First, John Mauldin has two very interesting perspectives on the current situation in his regular 'Thoughts From The Frontline' newsletters. In the issue for September 10th (link is to an Adobe Acrobat document in .PDF format), he provides a long and thoughtful analysis by Harry Dent, predicting deflation rather than inflation despite the Fed's efforts to stimulate the economy. Here's a brief excerpt.
Just think about it. What has happened after every major debt bubble in history? What happened after the 1873-74 bubble? Or after the 1929-32 bubble? Did prices inflate or deflate? We got deflation in prices ... every time. This time around, with the latest bubble peaking in 2007/08, the outcome will be exactly the same. There is deflation ahead. Expect it. Prepare for it.
. . .
Think of it another way: what is the biggest single cost of living today? Is it gold? Oil? Food? It's none of these. It is housing. And what is housing doing? Dropping like a rock. It can't muster a bounce, despite the lowest mortgage rates in history and the strongest stimulus programs anywhere ... ever.
The Fed is fighting deflation purposely. It will fail.
There's much more at the link, including more evidence for Mr. Dent's belief that deflation is inevitable. I'm not sure I agree with all his points, but he builds a very strong case. We'll see . . .
In his newsletter for September 15th (another Adobe Acrobat document in .PDF format), Mr. Mauldin examines the forthcoming US elections in the light of the economy. Here's a brief excerpt.
The preview of economic consequences depends on your view of what the most important issues are that need to be decided (in terms of economics). Let me list my top ten.
1. The Deficit.
2. The Deficit
3. The Deficit
4. The Deficit.
5. The Deficit.
6-10. Everything else.
I am only being mildly flippant. How we deal with the deficit affects everything else. And not dealing with the deficit leads to a disaster of biblical proportions, the equivalent of all eight of the first eight plagues. Ask Greece or Spain.
It is easy to dismiss the deficit as something that has always been there. Haven’t Chicken Littles been telling us the deficit sky is falling for decades? Japan seems to be capable of running large deficits, and we are nowhere near their level of debt. Isn’t “Japanese Disease” the worst outcome we are looking at – a slow-growth world that, while frustrating, is not cataclysmic? And some have been calling for even larger deficits in the name of spurring economic growth and jobs, harking back to periods when the government did indeed run deficits and the economy seemed to respond and once again grew.

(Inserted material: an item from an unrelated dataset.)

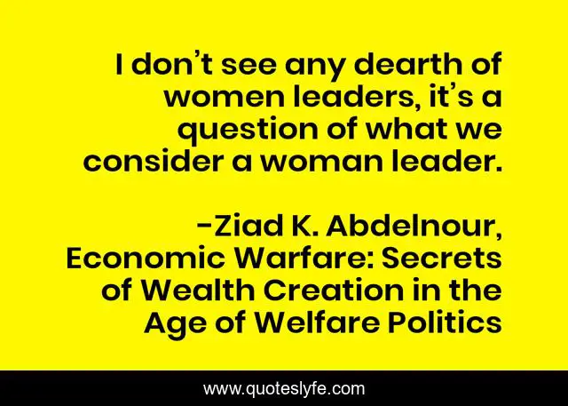 This page presents the quote "I don’t see any dearth of women leaders, it’s a question of what we consider a woman leader.". Author of this quote is Ziad K. Abdelnour, Economic Warfare: Secrets of Wealth Creation in the Age of Welfare Politics. This quote is about woman, leaders, women,.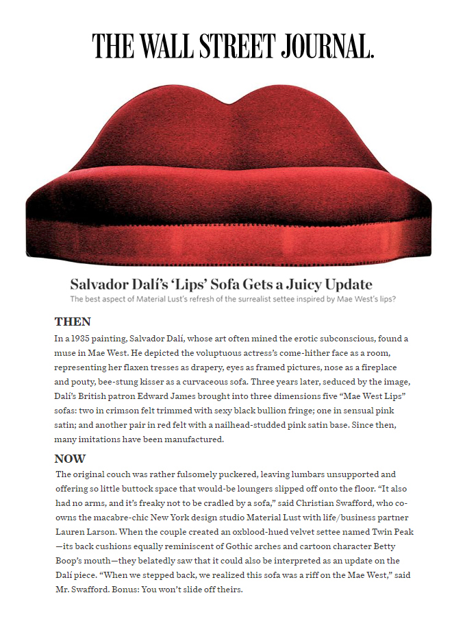 The best aspect of Material Lust’s refresh of the surrealist settee inspired by Mae West’s lips? You can actually sit in it.

It is easy to dismiss deficits as something we can deal with later. Like Hemingway’s character, who when asked “How did you go bankrupt?” replied, “Two Ways. Gradually, then suddenly.”
For most times, deficits are indeed not a problem. Many families and companies and governments run losses and borrow money to keep from having to curb their lifestyles and programs. It is not actually the immediate deficit that is the issue, but the total debt. If debt is low and cash flow is good, then deficits can be a good thing. Debt that is invested in income-producing assets or infrastructure that makes a family or business or nation work more efficiently can be beneficial.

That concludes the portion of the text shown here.